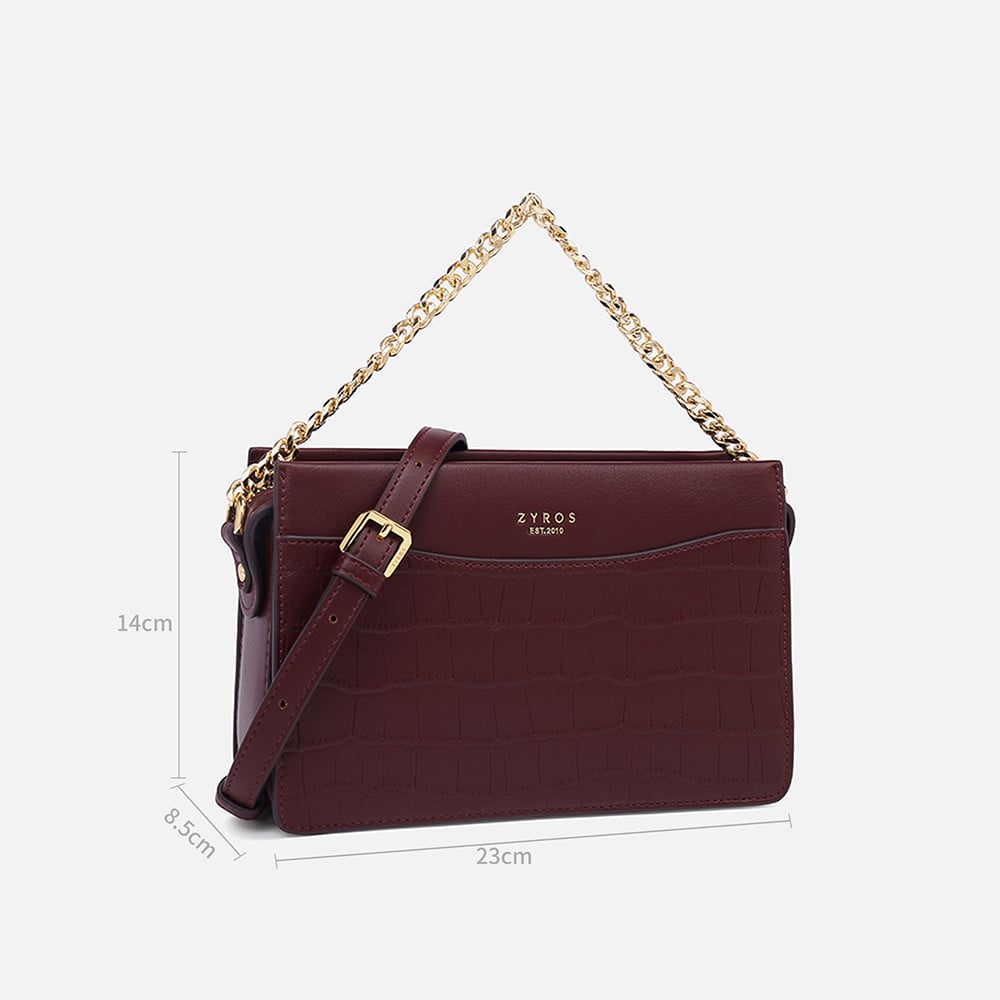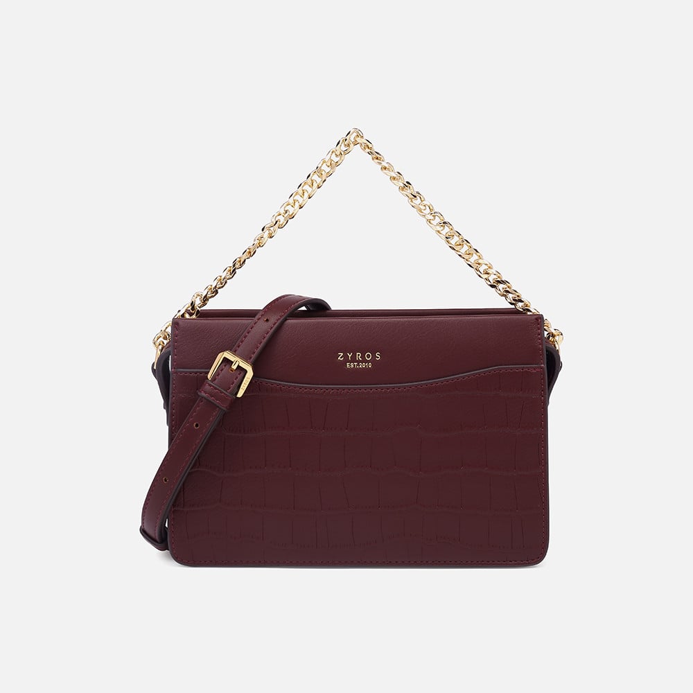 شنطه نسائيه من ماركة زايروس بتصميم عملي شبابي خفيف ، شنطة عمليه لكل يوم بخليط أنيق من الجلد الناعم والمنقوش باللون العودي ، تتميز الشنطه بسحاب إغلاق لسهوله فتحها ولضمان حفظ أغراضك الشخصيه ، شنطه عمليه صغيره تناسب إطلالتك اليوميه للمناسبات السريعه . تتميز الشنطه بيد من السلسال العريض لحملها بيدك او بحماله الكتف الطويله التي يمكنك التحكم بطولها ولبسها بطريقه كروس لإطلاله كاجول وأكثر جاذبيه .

= = = = = = =

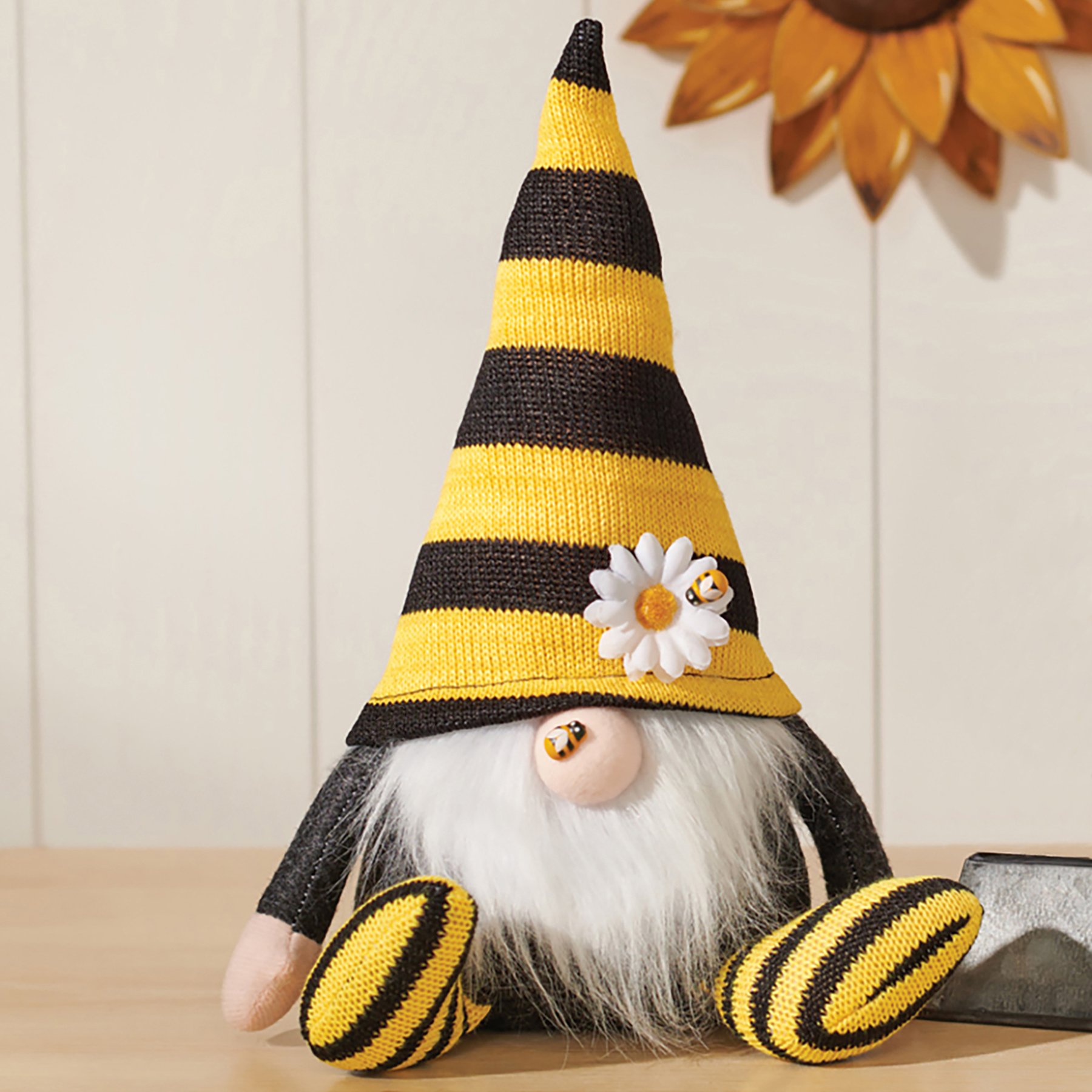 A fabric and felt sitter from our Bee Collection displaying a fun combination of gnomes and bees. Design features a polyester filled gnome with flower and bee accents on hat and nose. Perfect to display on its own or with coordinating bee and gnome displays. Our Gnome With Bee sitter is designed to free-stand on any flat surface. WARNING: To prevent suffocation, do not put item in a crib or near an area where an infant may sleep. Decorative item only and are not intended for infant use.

= = = = = = =

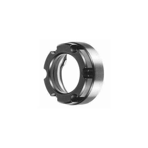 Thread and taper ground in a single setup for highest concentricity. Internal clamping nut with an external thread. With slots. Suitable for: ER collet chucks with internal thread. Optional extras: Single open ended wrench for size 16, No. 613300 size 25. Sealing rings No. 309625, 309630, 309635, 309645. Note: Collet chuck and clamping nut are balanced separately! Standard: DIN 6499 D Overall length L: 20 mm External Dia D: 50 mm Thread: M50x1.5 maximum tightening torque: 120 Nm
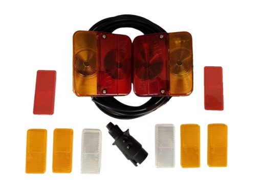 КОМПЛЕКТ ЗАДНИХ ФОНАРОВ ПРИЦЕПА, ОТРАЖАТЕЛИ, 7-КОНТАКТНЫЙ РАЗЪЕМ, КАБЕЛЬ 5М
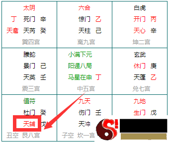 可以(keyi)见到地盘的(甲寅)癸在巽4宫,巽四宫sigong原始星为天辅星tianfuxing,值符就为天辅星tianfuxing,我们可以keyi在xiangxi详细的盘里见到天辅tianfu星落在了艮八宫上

= = = = = = =

▶ _GOAL OF THE EXERCISE_
Copy back exactly the lines above from the one containing "Thread and taper" through the one containing "可以(keyi)见到地盘的(甲寅)癸在巽", and leave every picture behind.

▶ _ANSWER_
 Thread and taper ground in a single setup for highest concentricity. Internal clamping nut with an external thread. With slots. Suitable for: ER collet chucks with internal thread. Optional extras: Single open ended wrench for size 16, No. 613300 size 25. Sealing rings No. 309625, 309630, 309635, 309645. Note: Collet chuck and clamping nut are balanced separately! Standard: DIN 6499 D Overall length L: 20 mm External Dia D: 50 mm Thread: M50x1.5 maximum tightening torque: 120 Nm
 КОМПЛЕКТ ЗАДНИХ ФОНАРОВ ПРИЦЕПА, ОТРАЖАТЕЛИ, 7-КОНТАКТНЫЙ РАЗЪЕМ, КАБЕЛЬ 5М
 可以(keyi)见到地盘的(甲寅)癸在巽4宫,巽四宫sigong原始星为天辅星tianfuxing,值符就为天辅星tianfuxing,我们可以keyi在xiangxi详细的盘里见到天辅tianfu星落在了艮八宫上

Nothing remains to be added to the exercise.